Posted by Grzegorz Kossakowski <gr...@tuffmail.com>.

Peter Hunsberger pisze:
> 
> I guess part of the debate is whether it is worth defining some
> additional method, eg:
> 
>   CocoonOutput execute( CocoonInput genericInput) throws ?;
> 
> or
> 
>   Object execute( Object genericInput) throws ?;
> 
> I really can't see that the CocoonOuput and CocoonInput are anything
> more than marker interfaces and this of course means that more
> standard objects have to be wrapped so I think the  second  version is
> preferable.  But that certainly doesn't buy you anything as far as
> pipeline contracts are concerned for traditional Java.  However, I do
> think that perhaps this opens up some longer term possibilities for
> Aspect oriented inspection across the pipeline so maybe it is actually
> worth adding?

You have got a point, it's exactly about this. The problem is (that my code shows) that this kind of thing, looking
simple at the beginning results in rather ugly constructs in Java... At least I couldn't make it more concise...

-- 
Best regards,
Grzegorz Kossakowski

Re: [c3] Pipeline results

Posted by Peter Hunsberger <pe...@gmail.com>.

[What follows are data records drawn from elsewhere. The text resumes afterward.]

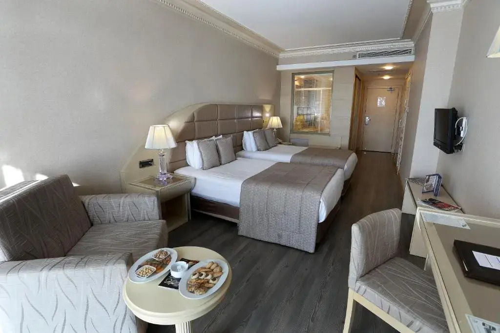 Описание номеров Eser Premium Hotel&spa 5*:Спа-отель располагает 172 элегантными и просторными номерами, в каждом из которых есть кондиционер, сейф, письменный стол, мини-бар и телевизор с возможностью просмотра спутниковых каналов. По запросу предоставляются детские кроватки и дополнительные спальные места.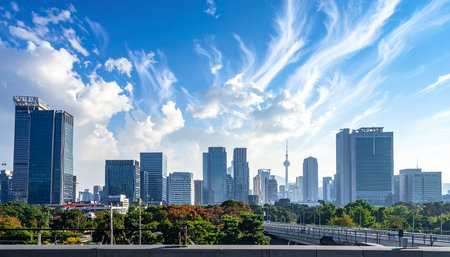 amazing a city skyline with a a cityscape featuring a towering skyscraper a bustling street and a serene river flowing through it png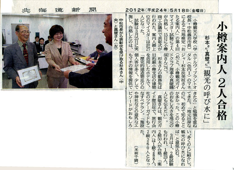 2012年5月18日(金)北海道新聞OSS会員の真壁睡渓氏が小樽観光案内人のマイスター試験に合格され小樽市長から表彰された記事が掲載されていましたので紹介します。記事はクリック拡大しスライドさせながらご覧下さい。この記事は池端恭爾氏から送られました。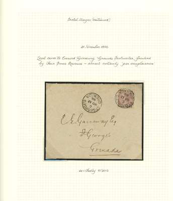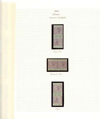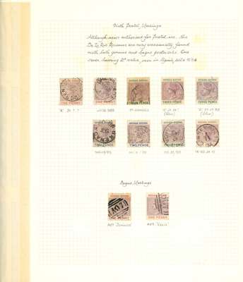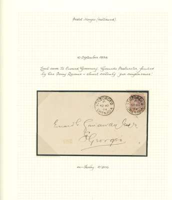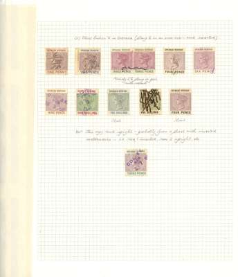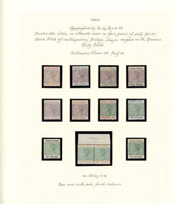 1884 DLR keyplate issue, Intact collection written up on pages 1d. to £1 set of eleven unused, 3d. tête-bêche pair and £1 marginal pair; postally used values to 6d, 1d. and 4d. on local St. George's covers, document pieces showing multiple frankings and usage, watermark studies, and detailed research. A lovely lot, portions of which are ex Foxley. McClellan R51/61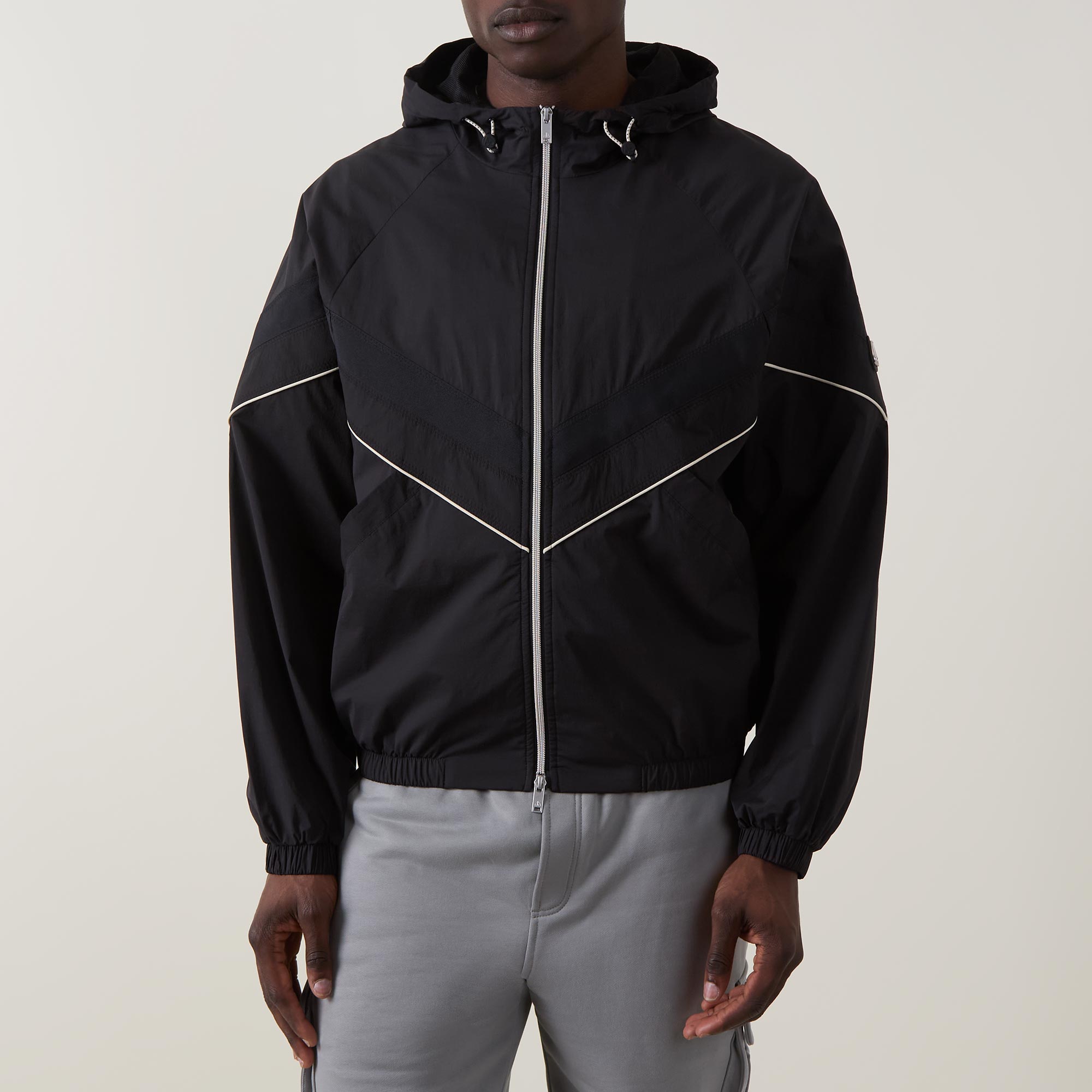 • Adjustable hood, two-way zip fastening, two snap pockets, zig-zag stitching details, colour-blocked chevron design, elasticated trims, logo details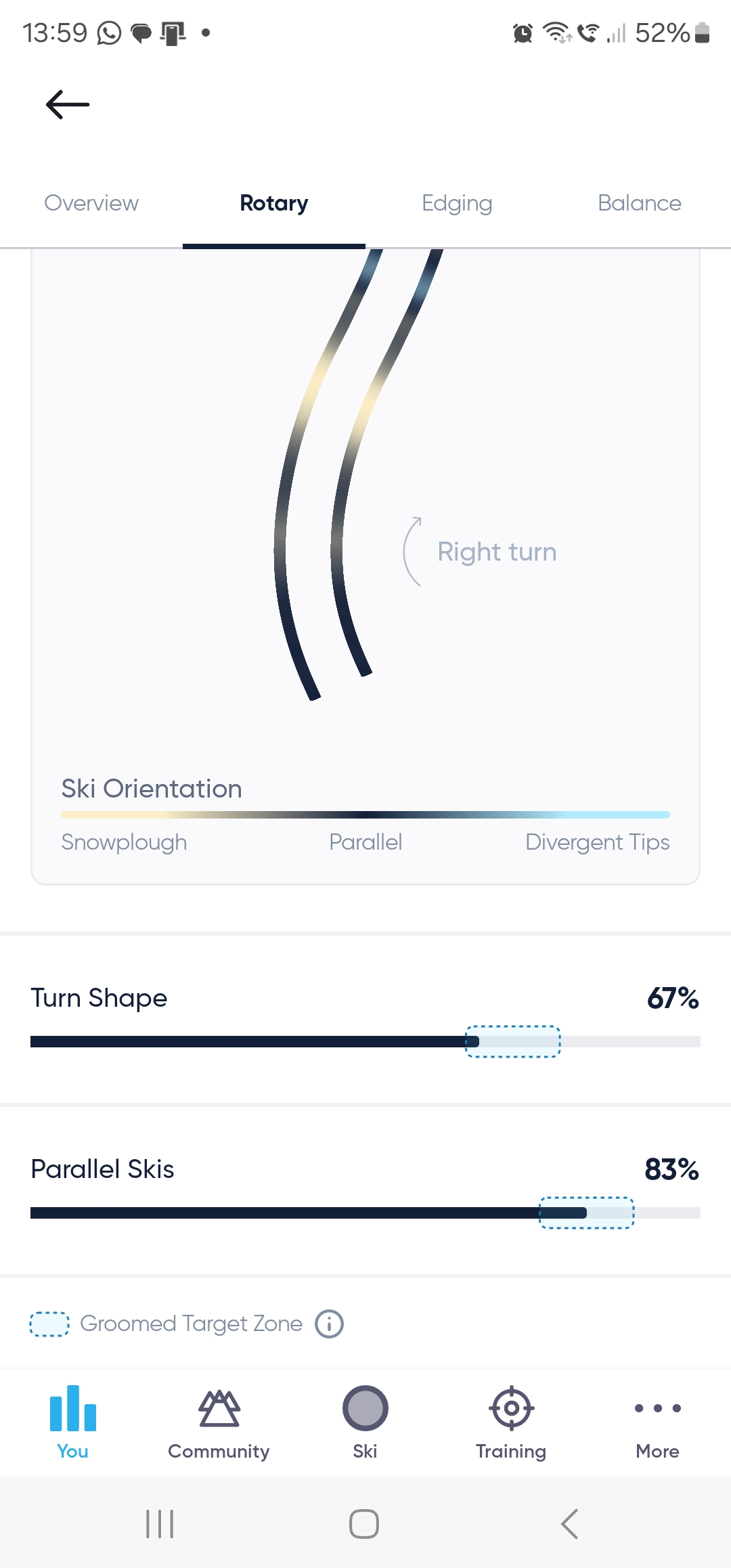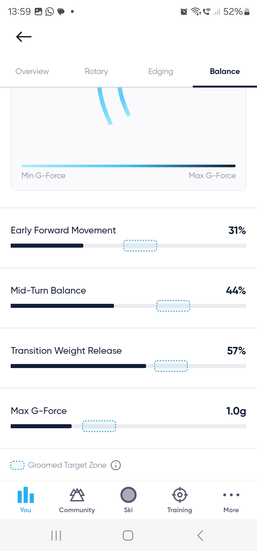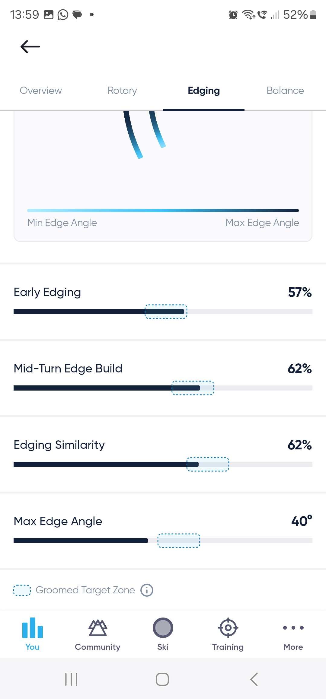 Didn't bother looking at the feedback or trying to improve, as I was just skiing with my daughter for our 1st day of the season. Managed a 136, compared to a revised best of 140 set back in 2019. Hopefully I'll get the chance to go out and try to improve my score over the next week. It will be interesting to strap them to my son when he arrives next week, especially to see how it rates his moguls skiing, as he competes in moguls.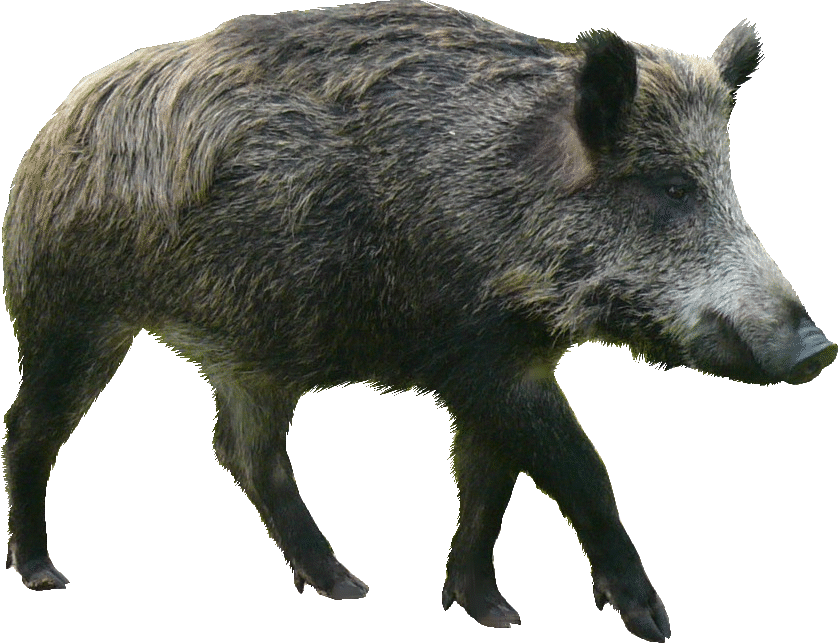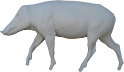 PU form for a life-size mount of a wild boar. Posture: walking straight ahead. For a boar of approx. 40 kg gutted weight. Closed mouth. Measurements (A x B x C x D x E): 22,5 x 33 x 59 x 122 x 86 cm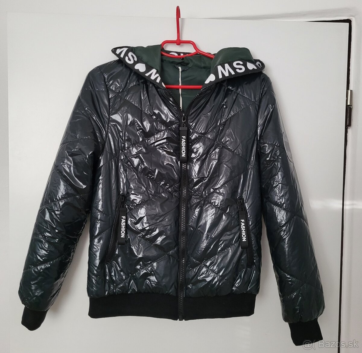 Nová s visačkou, lesklá, tmavozelená farba. Jar/jeseň. Celková dĺžka je 60cm, šírka 48cm, rukáv od ramena 56cm+5cm patent.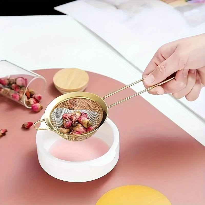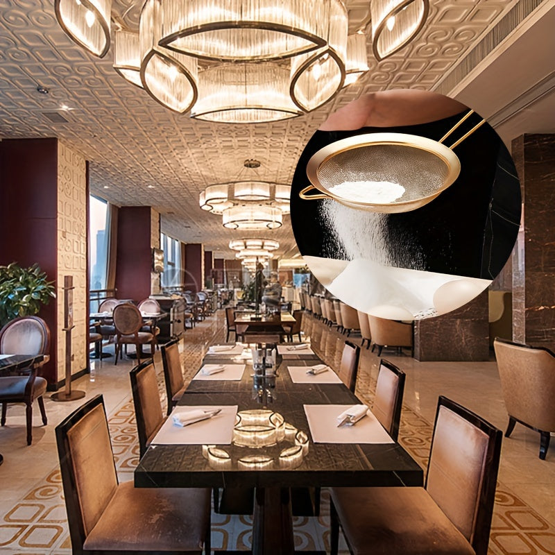 3-Piece Golden Stainless Steel Fine Mesh Kitchen Strainer Set for Baking and Cooking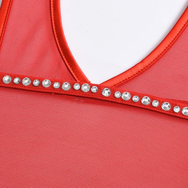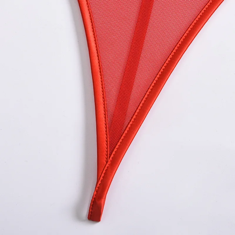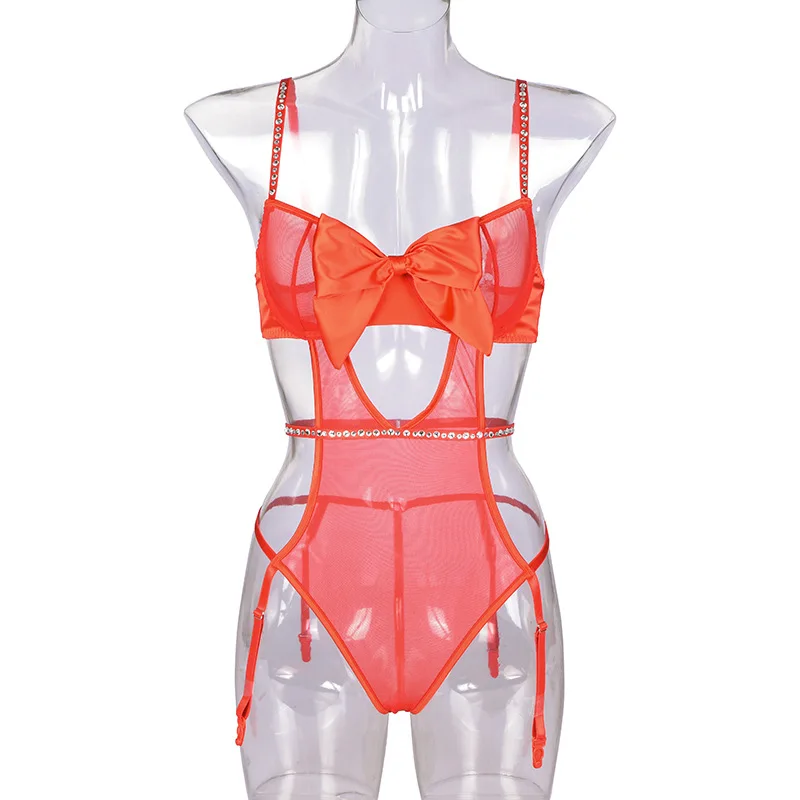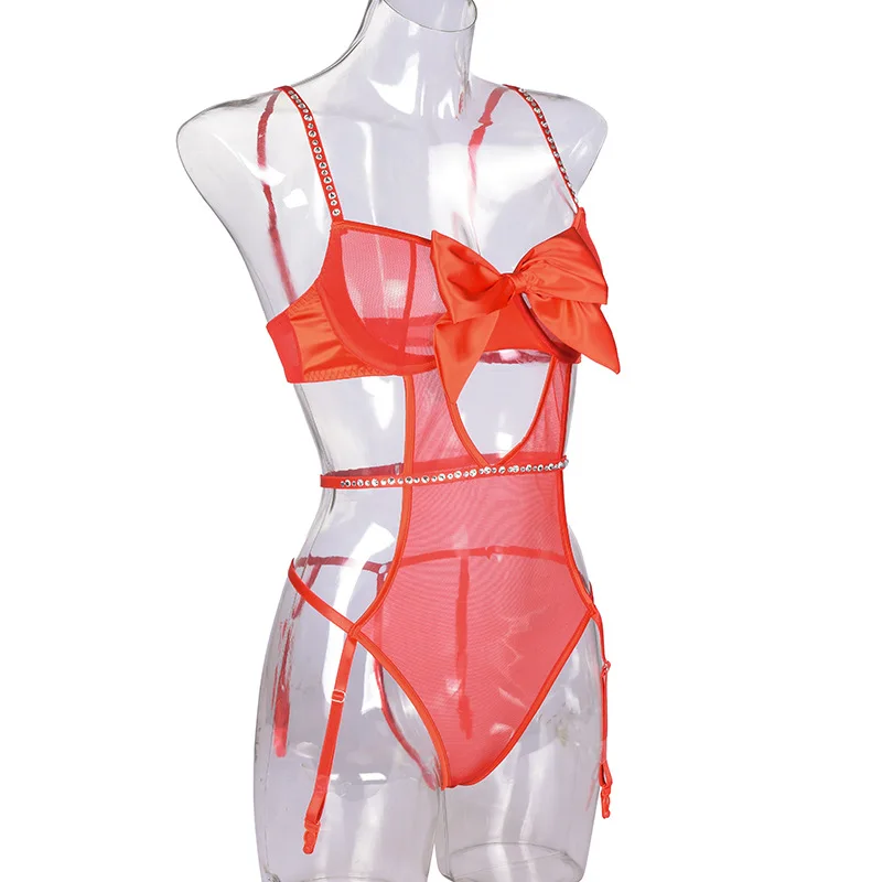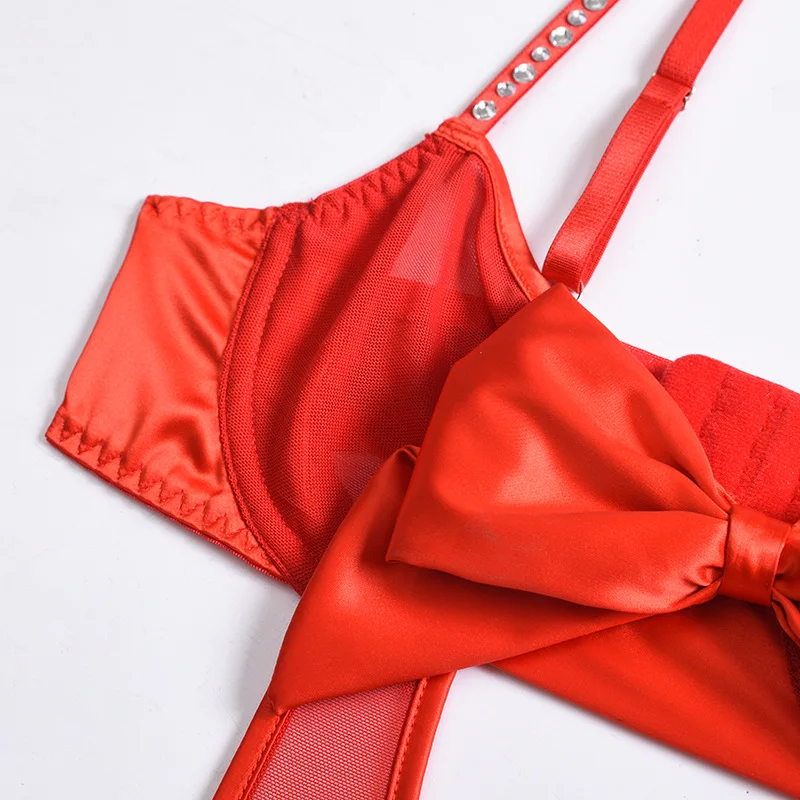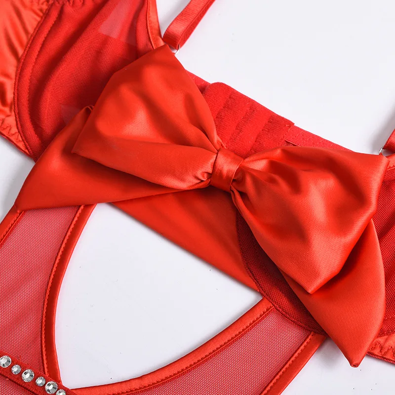 Sensual Lingerie Bodysuit Women Rhinestone Christmas Red Bowknot Erotic Lingerie Mesh Hollow Out Valentine's Day Sexy Costume

On Tue, Jan 13, 2009 at 12:00 PM, Carsten Ziegeler <cz...@apache.org> wrote:
> Grzegorz Kossakowski wrote:
>> Your problem made me to analyze Cocoon3 Pipeline API very carefully and think about it for a while. What I found rather
>> strange is PipelineComponent interface, see:
>>
>> public interface PipelineComponent {
>>
>>     void setConfiguration(Map<String, ? extends Object> configuration);
>>
>>     void setup(Map<String, Object> parameters);
>>
>>     void finish(Exception exception);
>> }
>>
>> Why I think this interface is strange (and confusing)? Becuase it does not deal with the most important aspect of
>> PipelineComponent: that it processes something and that it can be combined with other components. The most important
>> aspect is neither configuration nor setup of a component.
>>
>> I started to think that we will have such problems like the one mentioned in this thread as long as we don't address
>> issues with PipelineComponent.
>>
>> I've decided to experiment with the code (after analyzing the problem on a paper) and you can see results here:
>> http://github.com/gkossakowski/cocoonpipelines/tree/master/src/org/apache/cocoon/pipeline
>>
>> This code proves only one thing: that I failed to address an issue mentioned above. What I'm interested in is if others
>> share my concerns about PipelineComponent interface (and Pipeline itself) and if you also see a relation to problem with
>>  pipeline result?
>>
> I agree that the PipelineComponent interface looks really strange. It's
> absolutely not clear what the difference between setConfiguration and
> setup is - so I think we need better names here.
>
> The finish method looks also strange as it gets an exception as a
> parameter. The question is if a component should really now what
> exception occured during a pipeline run or if a boolean is sufficient.
>
> Apart from that I think, the interface is the price we have to pay for
> the flexibility we get.
>

I guess part of the debate is whether it is worth defining some
additional method, eg:

  CocoonOutput execute( CocoonInput genericInput) throws ?;

or

  Object execute( Object genericInput) throws ?;

I really can't see that the CocoonOuput and CocoonInput are anything
more than marker interfaces and this of course means that more
standard objects have to be wrapped so I think the  second  version is
preferable.  But that certainly doesn't buy you anything as far as
pipeline contracts are concerned for traditional Java.  However, I do
think that perhaps this opens up some longer term possibilities for
Aspect oriented inspection across the pipeline so maybe it is actually
worth adding?

-- 
Peter Hunsberger

Re: [c3] Pipeline results

Posted by Steven Dolg <st...@indoqa.com>.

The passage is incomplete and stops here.